[ad_1]
Witnesses have come forward during Liberia’s first war crimes trial against former rebel Gibril Massaquoi to testify to alleged rapes and ritual killings during the country’s brutal civil war.
About a quarter of a million people were killed between 1989 and 2003 in a conflict marked by ruthless violence and rape, often perpetrated by drugged child soldiers.
Of Sierra Leonean nationality, Massaquoi was a senior commander of the Revolutionary United Front (RUF), a Sierra Leonean rebel group that also fought in Liberia.
The 51-year-old was arrested in Finland last March, where he had lived since 2008, after a human rights group investigated his war toll.
But in an unprecedented move, the Finnish court decamped to the Liberian capital Monrovia on February 23 to hear testimony in the case.
Very few people have been tried for war crimes committed in Liberia, and none inside the country itself: the Massaquoi war crimes case is the first to be held on Liberian soil.

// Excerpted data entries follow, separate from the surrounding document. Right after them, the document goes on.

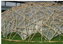
Koge.jpg mikadoweb, Florentine Sack und Studierende (Institut für Gestaltung – KOGE Konstruktion und Gestal- tung)
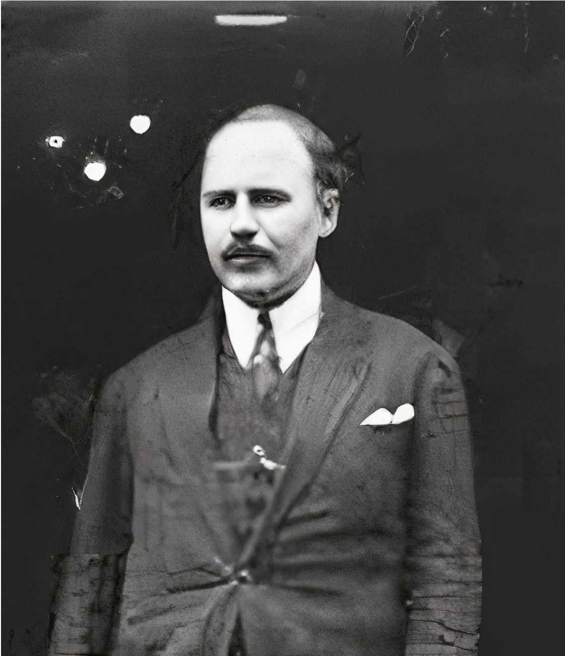
PAUL BODIER (1874 – 1946)
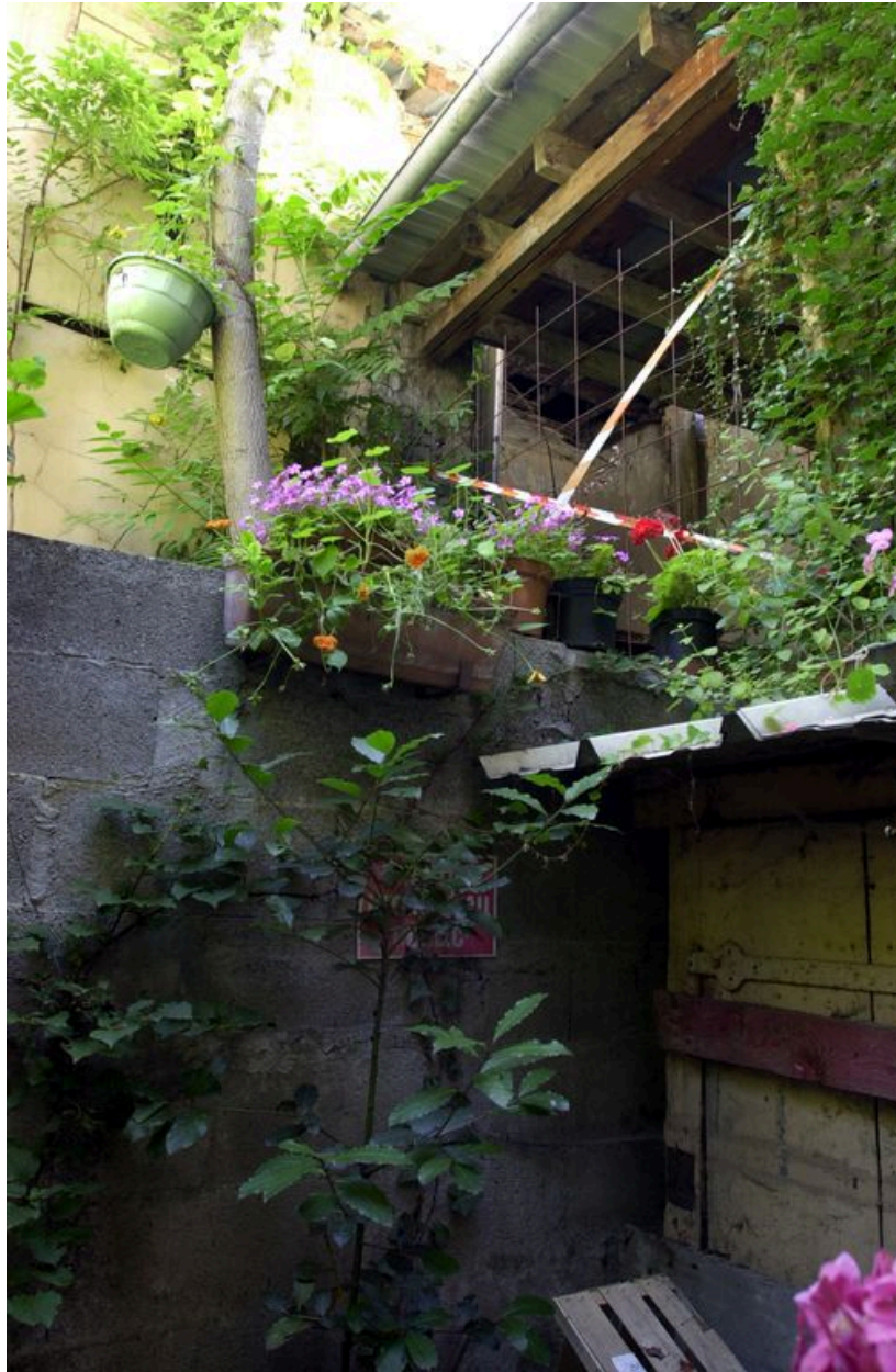
Vue de la façade
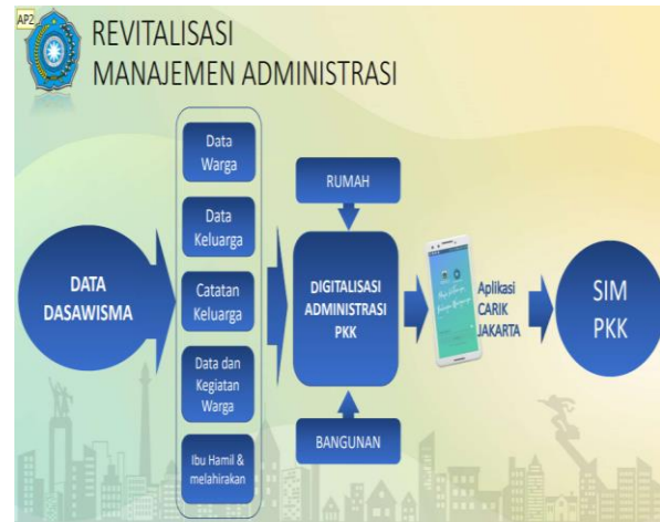
Gambar 2. Pendataan yang dilakukan Dasawisma

Dasawisma mendata beberapa data keluarga seperti data warga, data keluarga, catatan keluarga, data dan kegiatan warga, sampai dengan mendata ibu hamil dan melahirkan. Seperti dalam gambar 2 berikut [5].
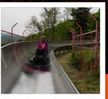
สไลเดอร์ลงจากกำแพงเมืองจีน
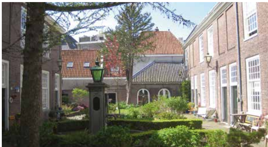
Binnenplaats van het Coninckshofje.

Het ochtenddeel van de bijeenkomst werd tenslotte afgesloten met de overhandiging van het traditionele bedankje voor de gastheer van de bijeenkomst, het bekende hofjessteentje. Daarna volgde een korte wandeling naar de lunch in het eeuwenou-
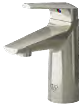
Níquel cepillado (-BN)
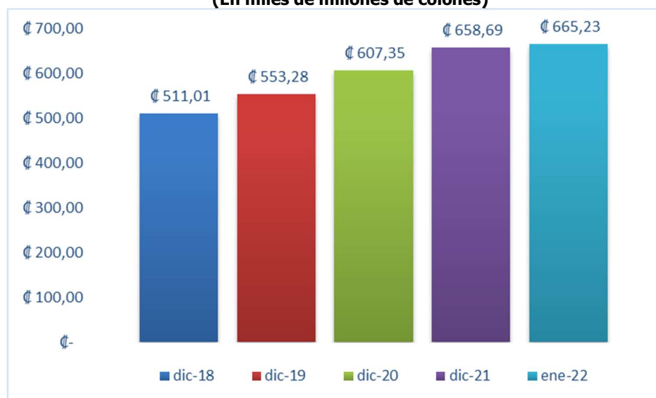
Gráfico 1 Valor Facial de Cartera Datos al 31 de enero 2022 (En miles de millones de colones)
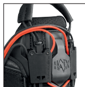
HAIX® RAPIDFIT System
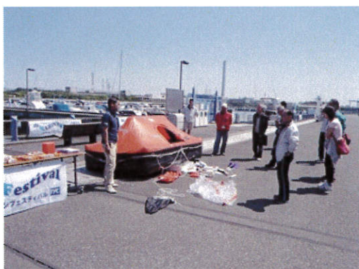
法定安全備品実演 1
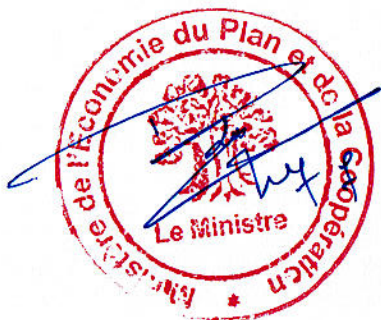
Monsieur Doudou KA Ministre de l'Economie, du Plan et de la Coopération
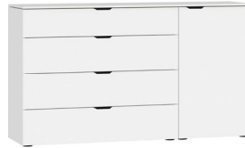
Kommode Typ 14
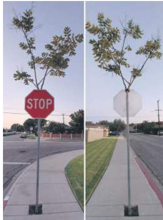
Це дерево виросло всередині знака "Стоп"
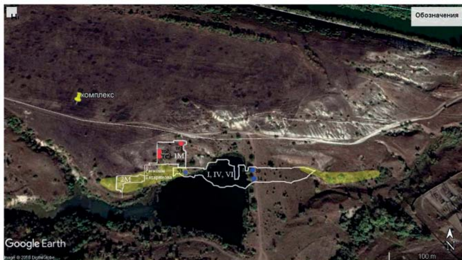
Рис. 5. Археологический комплекс Маяки. Схема расположения раскопов В.К.Михеева (1963–1965, 1968 гг.), С.И.Татарина (1976, 1978 гг.), М.Л. Швецова и Э.Е.Кравченко (1988–1989 гг.) и комплекса, расчищенного в 2012 году. Желтым цветом отмечены предполагаемые границы раскопов хазарского времени, синими кружками – кремации, расчищенные В.К. Михеевым, а красными – «кремации», расчищенные М.Л. Швецовым. За основу взята карта GOOGLE «Планета Земля».

Fig. 5. The archaeological complex Mayaki. The scheme of location of V.K. Mikheev's excavations (1963–1965 and 1968), S.I. Tatarinov (1976, 1978), M.L. Shvetsov and E.E. Kravchenko (1988–1989) and the complex cleared in 2012. The yellow colour indicates the proposed boundaries of Khazar excavations and the blue circles indicate cremations, cleared by V.K. Mikheev, and red circles indicate "cremations" cleared by M.L. Shvetsov. The GOOGLE map "Planet Earth" was taken as the basis.
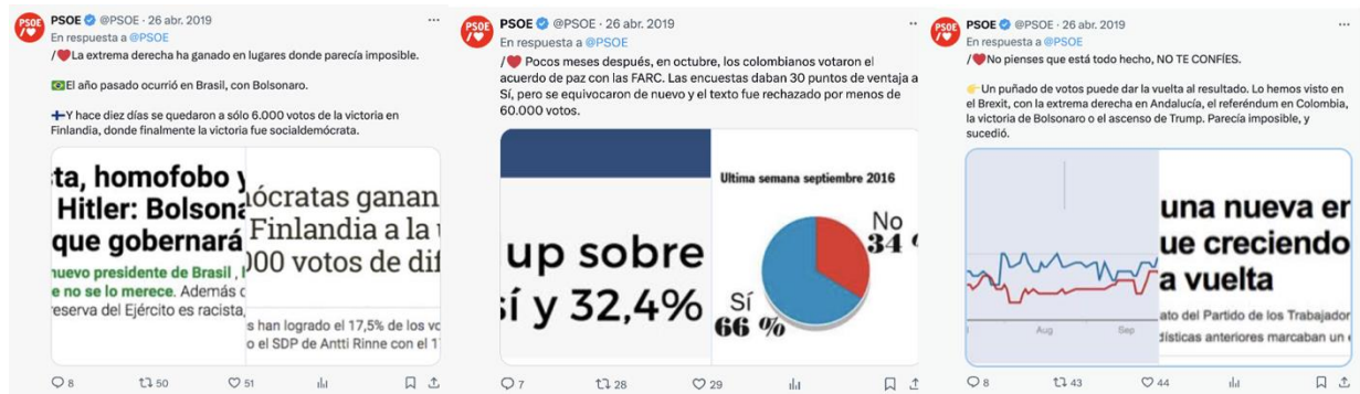
Figura 9. Menciones del PSOE sobre América Latina (2019)
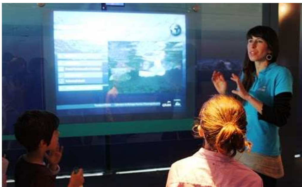
Una de les guies explica els problemes als quals ha de fer front la fauna marina.

A banda de la clínica i de l'àrea de cures, el nou CRAM té un edifici destinat a l'educació, amb diversos panells interactius i una sala de projecció d'audiovisuals sobre les problemàtiques que afecten els nostres mars i oceans, des de la contaminació fins a la sobreexplotació pesquera en algunes zones del planeta. El coneixement d'aquests problemes permet els alumnes i les famílies que visiten el centre analitzar en quina mesura podem ajudar a conservar els ecosistemes marins i la seva biodiversitat. Les visites són guiades pels educadors del centre, amb els quals es realitza un circuit per totes les instal·lacions, des de la clínica i els tancs de recuperació fins a les sales d'audiovisuals. Una pineda amb taules de pícnic convida al descans després de l'itinerari. Desitgem molta sort als membres del CRAM en la seva nova ubicació i
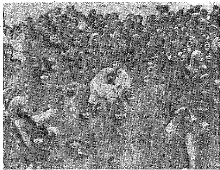
● صحنه ای از تظاهرات عظیم و فرور آفریننده ای، مقابل جاسوسخانه امریکا، تهران. ● زنان با کودکان خویش در آشوب آمده بودند تا از امام، رهبر انقلاب و از خط او دفاع کنند.

بدنبال حوادث پیریز تبریز، دیروز عدهای از هواداران حزب جمهوری خلق مسلمان که بهقه وچاقو وچاق مسلح بودند، با شماره بازار باید بنهند، در محوطه بازار، دست به تحریک و حادثه آفرینی زدند. اینان در بازارچه به هر مکانی که عکس امام خمینی را در دیوار نصب کرده بود، حمله ور شده و عکس را پاره میکردند. گروه دیگری از ایشان، در ساعت ۱۲:۳۰ در جلو میدان دانشسرا، راه را بر اتوموبیلها بسته و در پیشان شماره مرکب مدنی، (آیت الله مدنی، نماینده امام خمینی در تبریز است) می نوشتند. این عمل در خیابانهای دیگر نیز تکرار شد. یکی از اهالی شهر می گفت: ناراحتیم اینست که اینها همان شماری را میداندند که ساواک در ۲۹ بهمن سال ۵۶، در تبریز میباید (روز قیام مردم تبریز)، (عمامه دن تاج اولاد) خمینی دن شاه اولاد (عمامه تاج نمیشود، خمینی شاه نمیشود) عدهای از افراد حزب جمهوری خلق مسلمان می گفتند: «هر کس که ای که پشتیبانی خود را از امام اعلام نکند، باید منحل شود» اخبار رسیده حاکی از آنستکه حزب نامبرده به افرادی دستور داده که باید حمله وسیعی را تدارک ببینند تا شهر را در دست بگیرند. در مقابل دفتر حزب خلق مسلمان، سنگر بندی شده و افراد مسلح، پشت سنگر قرار دارند. یک بلندگو در جلو این دفتر به تبلیغات مشغول است. آنان غیر مستقیم به رهبر انقلاب توهین کرده و در فواصل منظم شماره مرکب بر موسی، غروی، خلخال، (حجت الاسلام موسی، رئیس دادگاه انقلاب تبریز و آقای غروی استناد آذربایجان شرقی هستند) میدادند.
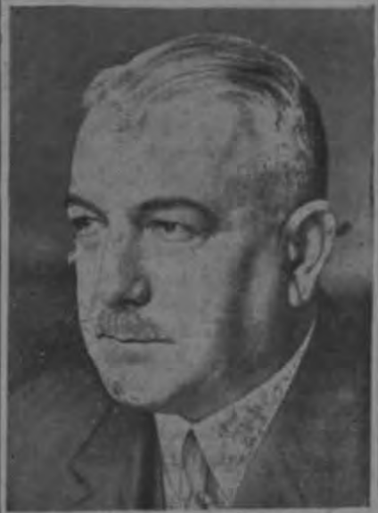
Knostatin Von Neurath Ministro de Relaciones de Alemania
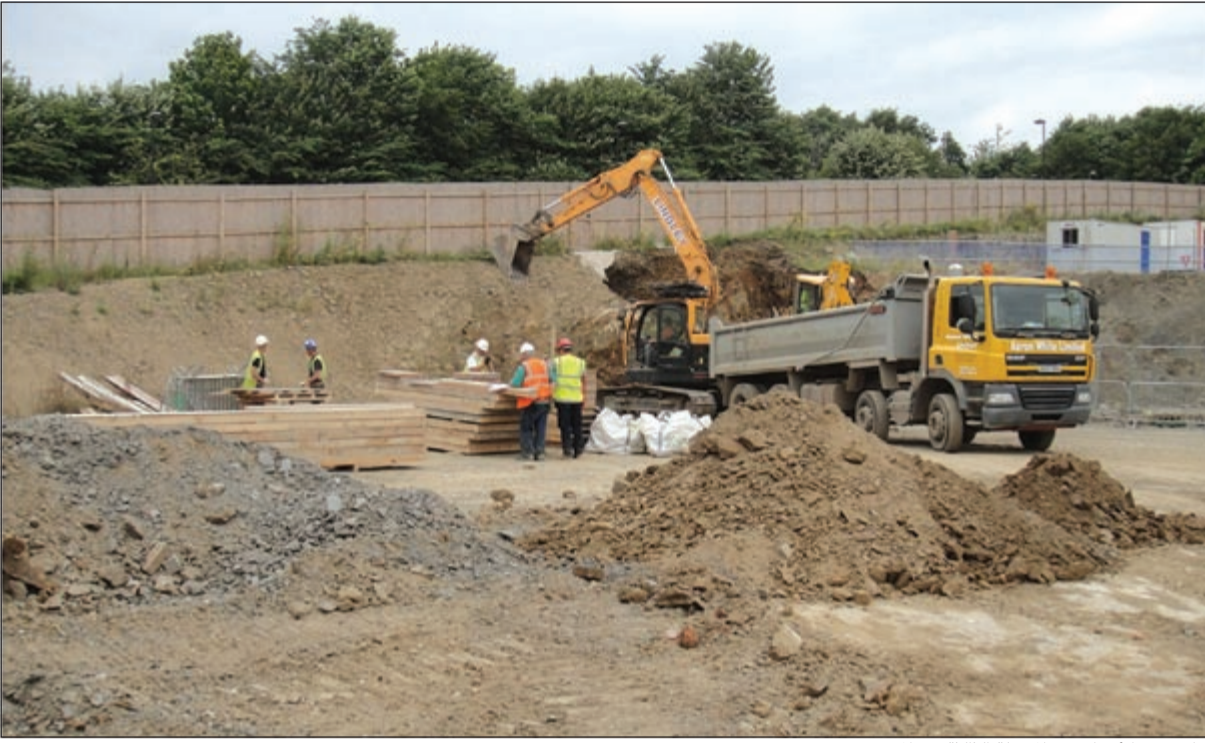
جانب من الأعمال في المرحلة الثالثة من المشروع
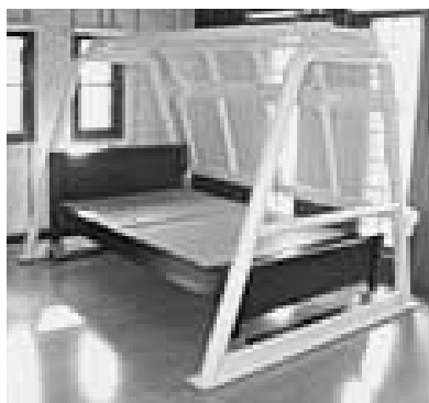
防災ベッドイメージ

※高浜市建築耐震研究会では、昭和56年6月1日以降に着工した木造住宅を対象に、簡易診断（無料）を行っています。
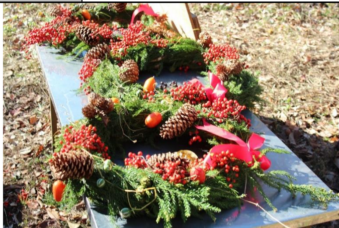
森の3か所に飾ったXmas リース、見つけられるかな？
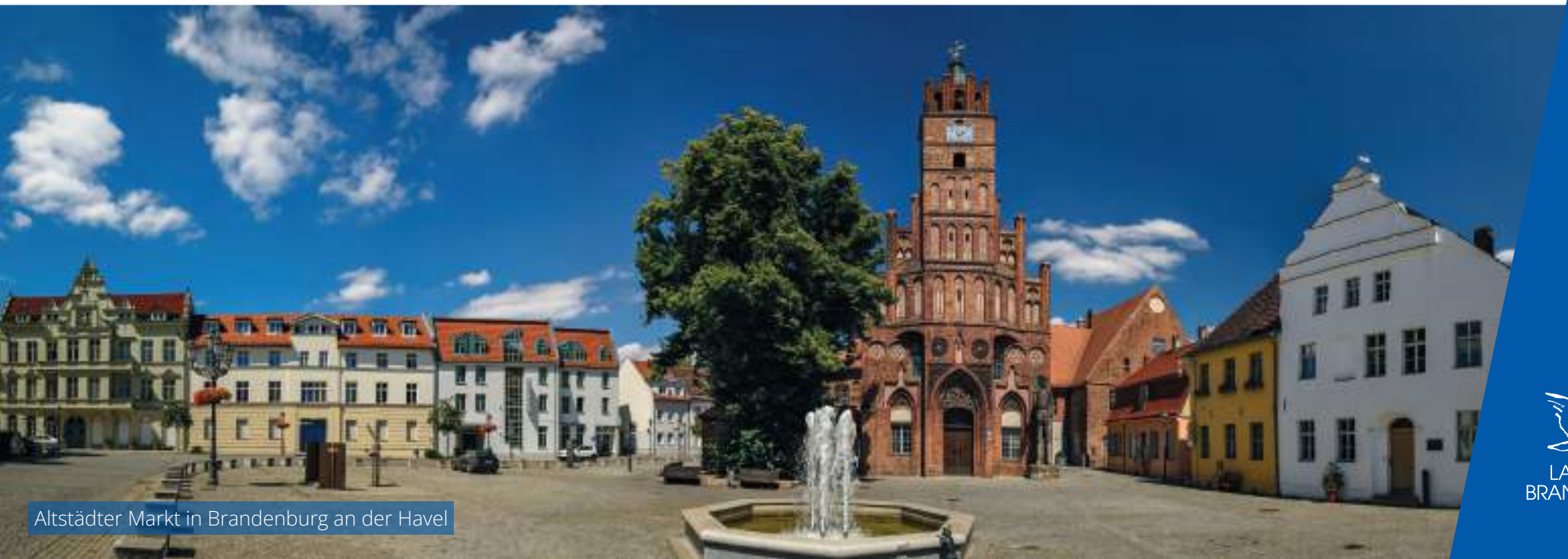
Altstädter Markt in Brandenburg an der Havel

Strategische Ansätze auf europäischer und globaler Ebene sollten mit langfristigen Entwicklungspolitiken auf regionaler Ebene verbunden werden, da die Folgen dieser Herausforderungen auf regionaler Ebene entstehen und dort am besten ortsbezogen (place-based) adressiert werden können. Die Kohäsionspolitik sowie die GAP bieten den Regionen die Möglichkeit, ihre jeweils unterschiedlichen Transformations- oder (Struktur-) Reformbedarfe zu adressieren. Instrumente wie die Wiederaufbau- und Resilienzfazilität bieten hingegen keine regionalen Gestaltungsräume, sie sollte daher nicht fortgeführt werden.
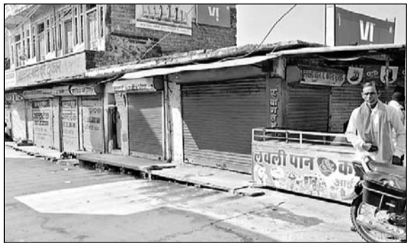
गोगामेड़ी हत्याकांड के विरोध में व्यापारियों ने बाजार बंद रखे।

दौसा, (निंस)। राजपूत करणी सेना के चीफ गोगामेड़ी मर्डर कांड के विरोध में उपजा आक्रोश बुधवार को सड़कों पर नजर आया। राजपूत समाज सहित सर्व समाज ने विभिन्न जगहों पर
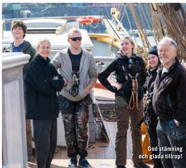
God stämning och glada tillrop!
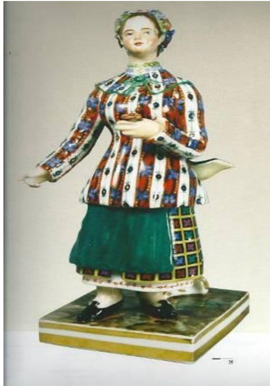
Рисунок 5. Фарфоровий завод А. Мікласhevського. Скульптура «Українка». Варіант розпису.

Figure 5. A.Miklashevski's porcelain factory. A sculpture «Ukrainian». A variant of a picturesque decor.
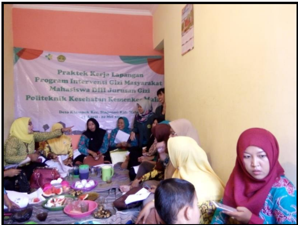
Tanya jawab materi UP GK
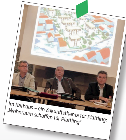
Im Rathaus - ein Zukunftsthema für Plattling: „Wohnraum schaffen für Plattling“
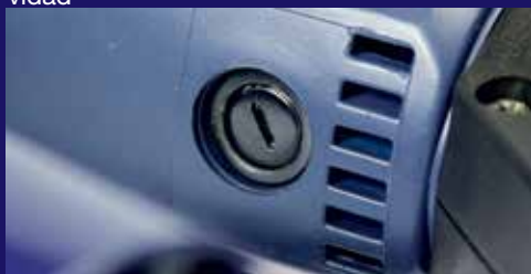
Escobilla de carbón fácil y rápida de cambiar
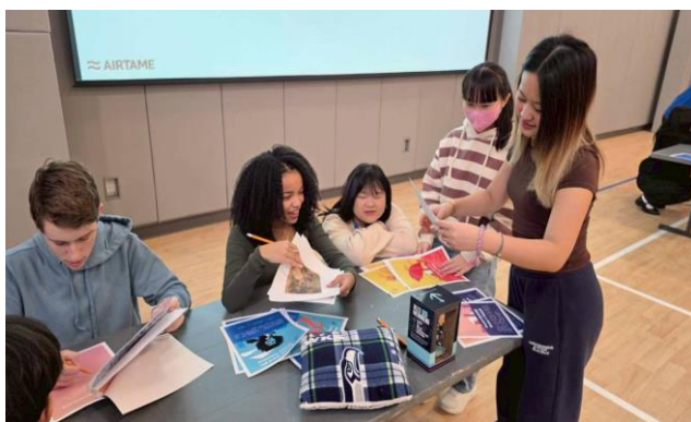
Uprep 的學生介紹西雅圖的特色與文化

上午由 Uprep 的學生為新民的同學介紹西雅圖的特色與文化並體驗當地的零食，下午新民師生搭乘 Uprep 的校車前往著名的傳統市場 Pike Place Market，進行 Scavenger Hunt 的尋寶任務，學生分組依所提供的線索按圖索驥找到各個景點，其中包含第一家的星巴克創始店，每個人也都現場親自點餐品嚐香濃的咖啡。接著尋找名叫 Rachel 的豬、飛魚(A Flying Fish)及口香糖牆(The Wall of Gum)等特色景點。
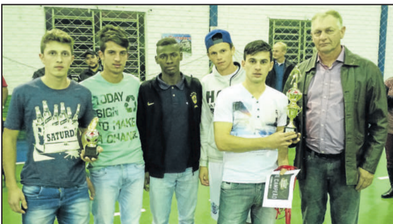
Sakolé ficou em 2º lugar

Witnesses in recent hearings alleged that Massaquoi – whose nom de guerre was “Angel Gabriel” – was involved in murders, rapes and arson.
A 34-year-old witness told court on March 9, for example, that the RUF commander drank the blood of a victim during the unrest in Monrovia in the early 2000s.
RUF fighters captured him and several others in a central market in the city, said the witness, who is not named for security reasons.
Massaquoi then appeared and the fighters greeted him and greeted him as “Angel”.
“He asked them to bring his plate,” said the witness, referring to Massaquoi.
“He took the person sitting next to me, put his neck on the plate, I was very scared so I closed my eyes. His neck was cut.”
Massaquoi would have drunk the blood of the victim and would have also poured part of it on a shrine as a ritual offering.
Hearings in the case are expected to continue in Liberia for around three weeks, said Tom Laitinen, a Finnish prosecutor involved in the case.
The tribunal will then move to neighboring Sierra Leone.
Massaquoi denies any wrongdoing.
Burned alive
In another account, a 63-year-old man told the court that Massaquoi fighters captured men from his village in northern Liberia and burned them alive, although he cannot remember the exact date.
“They were trying to shoot some people but the gun did not respond because God wanted to save lives,” the witness said.
The fighters believed that a magical charm protected the villagers from bullets, he added, and therefore decided to immolate them.
“They burned about 120 people in a house,” said the witness, who added that he managed to escape into the bush.
Finnish court documents consulted by AFP detail a litany of accusations of abuse committed or ordered by Massaquoi, including murder, rape, torture, enslavement and use of child soldiers.
Former rebel Massaquoi himself provided evidence to the International Criminal Court (ICC) in 2003, for the separate civil war in neighboring Sierra Leone.
The former RUF member received legal immunity for his role in the Sierra Leone conflict in exchange for his evidence, and then moved to Finland.
But he has not received immunity for his alleged actions in Liberia, and Finnish police opened an investigation in 2018 after an investigation by rights group Civitas Maxima.
Contradictions
Massaquoi’s lawyers, however, mounted a vigorous defense.
For many of the alleged abuses in northern Liberia, Massaquoi insists he was involved in peace negotiations elsewhere in the region at the time.
And in recent hearings in Monrovia, the defense has attacked the reliability of the testimony, with most of the witnesses giving contradictory statements in court.
A witness first told Finnish police that he saw six corpses related to the case with his own eyes, for example, to admit on the stand that someone had told him about the episode.
“Is it a habit in Liberia that when someone tells you that he or she has seen something, it means that you have seen it?” said one of the defense attorneys.